- Blog
- Artificial Intelligence
- Interview
Inside the Data-Driven Strategy at DB SCHENKER with Joachim Weise
Interview with Joachim Weise, SVP Global Technology and Data
Joachim Weise, SVP Global Technology and Data, joined DB SCHENKER in 2016 with a mission to build and lead the Data, AI, and Operations Research capabilities. Since July 2023, he has been heading the Global Technology & Data department.
His focus? Unlocking the power of technology and data for the success of DB SCHENKER. This means sparking innovative ideas in the data and technology services, and ensuring these services integrate seamlessly for a smooth, efficient experience from start to finish.

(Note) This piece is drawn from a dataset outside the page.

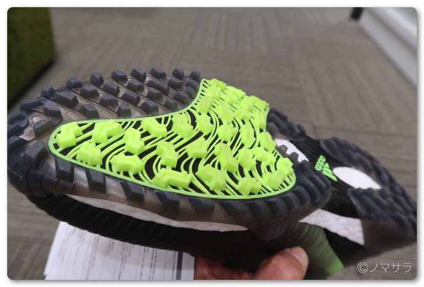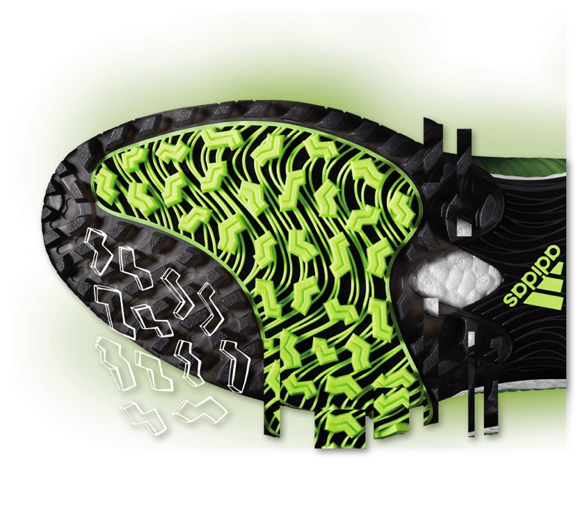 ソールからつながるコントロールラップによりパワーを逃がさない。驚異的なパワーと快適性を生みだすBOOST™クッション。

Logistics Matters: How can specific AI solutions at DB SCHENKER impact the efficiency, accuracy, and overall performance of our operations?
Interview Joachim Weise
Logistics Matters: Can you elaborate on the integration of AI within the technology and data infrastructure of DB SCHENKER, especially looking at the connection between data and AI solutions?
Joachim Weise: At DB SCHENKER, we are constantly pushing the boundaries of logistics. Some years ago, we started working on an Enterprise Information Management Platform, to build up a framework to combine the power of AI and business intelligence. This end-to-end hybrid solution enables us to manage structured and unstructured data efficiently across all businesses and leverage valuable insights.
Imagine a platform that acts as a central system, efficiently managing data across all our business units. It serves as a data lake – a repository to store data, a data warehouse – a central database to consolidate data from different systems, and at the same time as a workbench for MLOps – Machine Learning Operations – when we transfer our Machine Learning models into production and their subsequent maintenance and monitoring. This end-to-end solution empowers us to extend valuable insights from data, allowing us to make smarter decisions across the organization. The platform is managed by one team, which enables us to develop artificial intelligence and business intelligence together and avoid unnecessary gaps. As we harmonize our reporting solution, we are working closely on the topic of data governance. We are creating a data catalog and ensuring that we develop our employees with internal and external training courses on general topics of data and data literacy, as well as specific technical training for users in the individual systems.
At DB SCHENKER, data governance is not just a concept; it is a core principle and a collaborative effort between our business and IT teams.
Logistics Matters: How does the organization ensure the quality, security, and ethical use of data in AI-driven projects?
Joachim Weise: AI is a very broad field: we have use cases that would previously have fallen under statistics, but at the same time we have advanced AI use cases, particularly in computer vision and LLM, with large and complex data. In general, we follow all IT security guidelines and principles in all use cases and are in close coordination with Global Data Protection and their local representations to ensure that we comply with all legal requirements.
By embracing the full spectrum of AI capabilities, from the power of data analysis to the automation potential of LLMs, we are shaping the future of intelligent logistics. In that, we are committed to doing so responsibly, prioritizing security and compliance every step of the way.
Logistics Matters: Given the rapid advancements in Data and AI technologies, how does DB SCHENKER ensure that its technology and data frameworks remain agile and adaptable to emerging trends and innovations?
Joachim Weise: Staying ahead of the curve is crucial in today’s dynamic tech environment, and the various IT & Digital teams of DB SCHENKER are committed to achieving just that.
Within IT&D, we regularly review and evaluate the technology landscape, comparing the latest technologies on the market with the technology in use. Since we moved to the cloud a few years ago, we have now implemented the latest technology stack for our platforms. Within the cloud, we combine and complement best-of-breed for the respective functionalities’ applications, from data warehousing to MLOps, ETL - Extract, Transform, and Load data for further processing. We constantly monitor the market and see what we can develop in-house and what we can be covered by third-party suppliers. We make sure that we do not make a blind technology push but develop in close collaboration with the business and their requirements to ensure value and scalability for DB SCHENKER.
Additionally, we have a strong collaboration with the Fraunhofer IML since 2015. Together with our Schenker Enterprise LAB, we pilot innovative ideas and technologies for their usability and scalability for DB SCHENKER.